Read “Using Units” about how to write Units test cases. Do not write one big test case: smaller cases are helpful to know about the intent of the contributor. For example:
- Units/sh-alias.d
- Units/sh-comments.d
- Units/sh-quotes.d
- Units/sh-statements.d
are good example of small test cases. Big test cases are acceptable if smaller test cases exist.
See also parser-m4.r/m4-simple.d especially parser-m4.r/m4-simple.d/args.ctags.
Your test cases need ctags
having already loaded your option
library, swine.ctags. You must specify loading it in the
test case own args.ctags.
Assume your test name is swine-simile.d.
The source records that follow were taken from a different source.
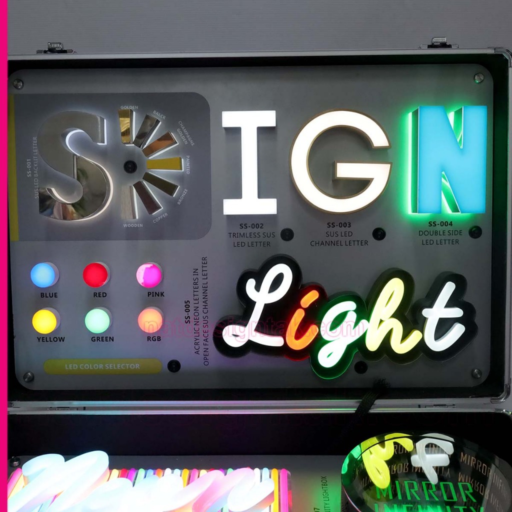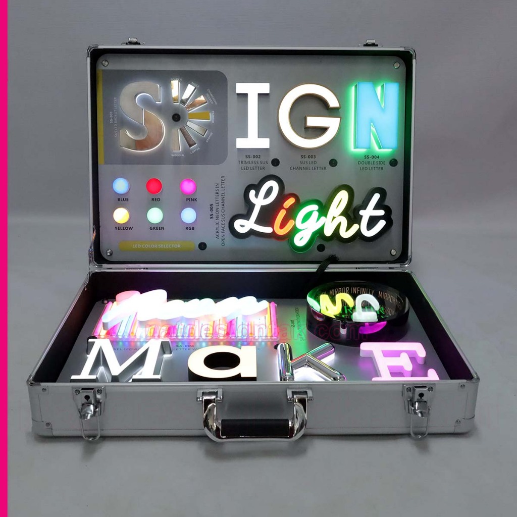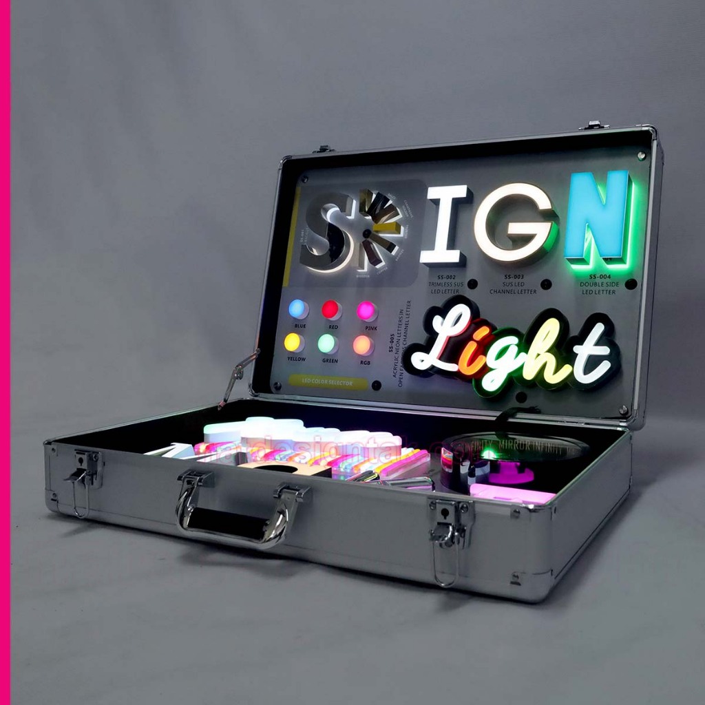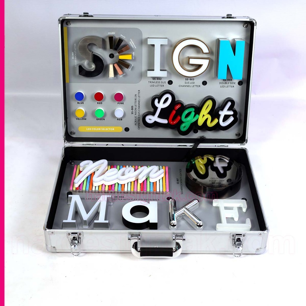 กระเป๋าแนะนำวัสดุ ชิ้นงานกระเป๋าสำหรับการแนะนำวัสดุต่างๆ ที่นำมาผลิตเป็นตู้ไฟ ตัวอักษรป้ายไฟต่างๆ เหมาะสำหรับร้านทำป้ายที่ต้องการแนะนำวัสดุต่างๆให้กับลูกค้าได้เข้าใจ ตามด้วยที่สามารถต่อไฟให้เห็นชิ้นงานตัวอักษรได้อย่างชัดเจน ชิ้นงานมีทั้งความสวยงาม พรีเมียม แข็งแรงโดดเด่น พกพาวัสดุจำนวนมากไปไหนมาไหน ได้ง่ายกว่าปกติ จัดเก็บเป็นกระเป๋าอย่างสวยงาม
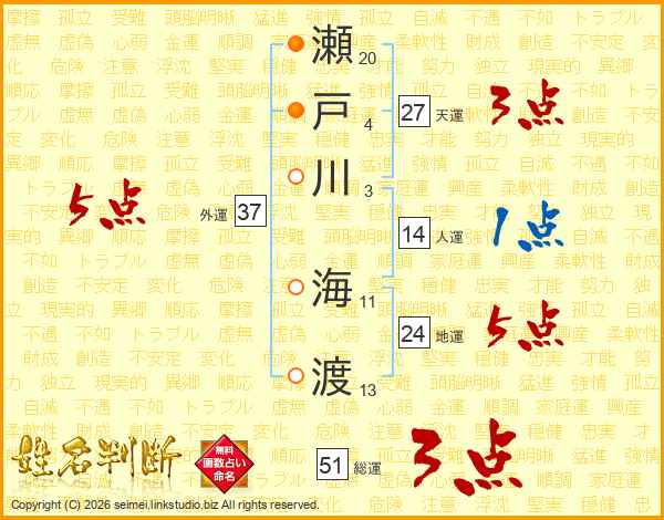 瀬戸川海渡さんの天運は27画の3点!
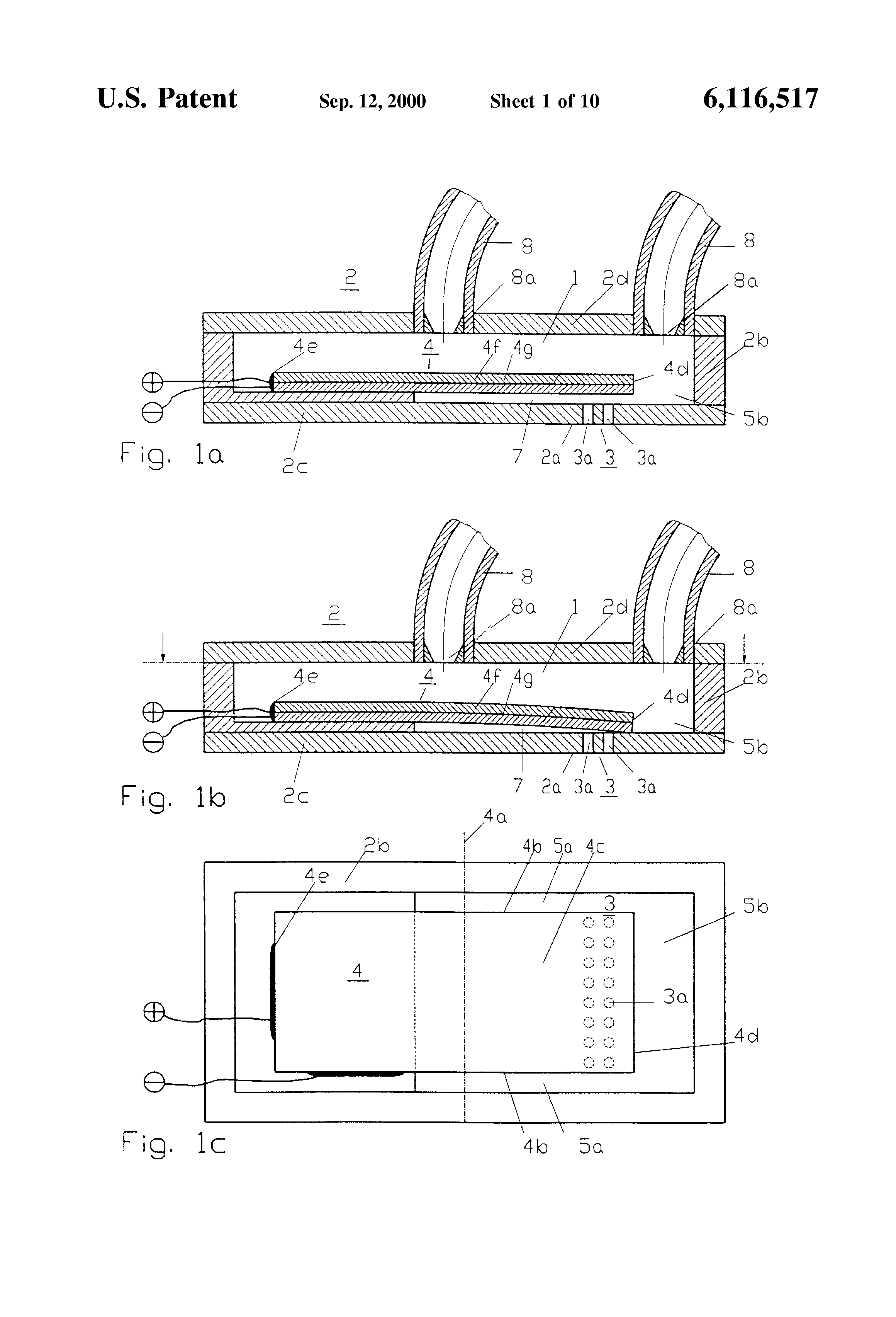 In FIGS. 10, 11, and 12 working forms can be seen in which the pump chamber 1 and the nozzles 3a are essentially designed as in the working forms of FIGS. 7, 8, and 9. But the piezoelectric flexural transducer 4 is not attached to only one casing component part 2c (as in FIGS. 7, 8, and 9), the piezoelectric flexural transducer 4 is attached to the casing between the casing base part 2c and the casing top part 2d.
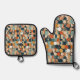 Circles and ovals in blue, teal, gold, black, rust, and brown combine to make an unusual and beautiful pot holder and oven mitt set. Modern, artistic, and stylish.
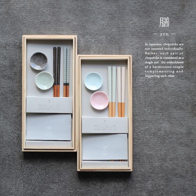 波佐見焼のお茶碗と、天然竹を使用したお箸のギフトセットです。
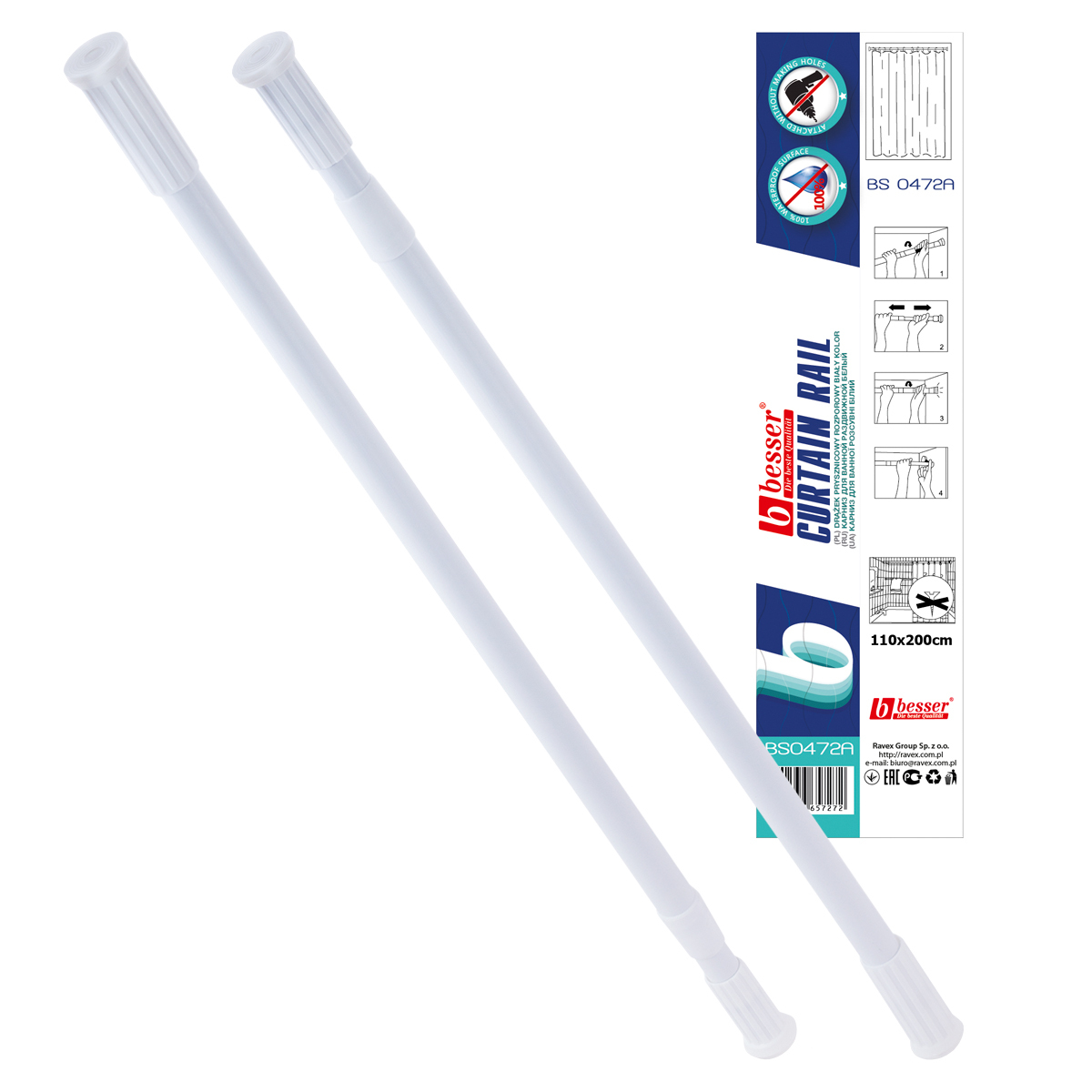 Карниз для ванной телескопический 110-200 см. Besser BS 0472A (белый) оптом

Put --option=swine
in
Units/swine-simile.d/args.ctags.
Incorporating your parser to ctags build process¶
Add your optlib file, swine.ctags to OPTLIB2C_INPUT
variable of
+*makefiles/optlib2c_input.mak* in Universal Ctags source tree.
Verification¶
Let’s verify all your work here.
Run the tests and check whether your test case is passed or failed:
$ make units
Verify your files are installed as expected:
$ mkdir /tmp/tmp $ ./configure --prefix=/tmp/tmp $ make $ make install $ /tmp/tmp/ctags -o - --languages=Swine something_input.swn
Pull-request¶
Please, consider submitting your well written optlib parser to Universal Ctags. Your .ctags is a treasure and can be shared as a first class software component in Universal Ctags.
Pull-requests are welcome.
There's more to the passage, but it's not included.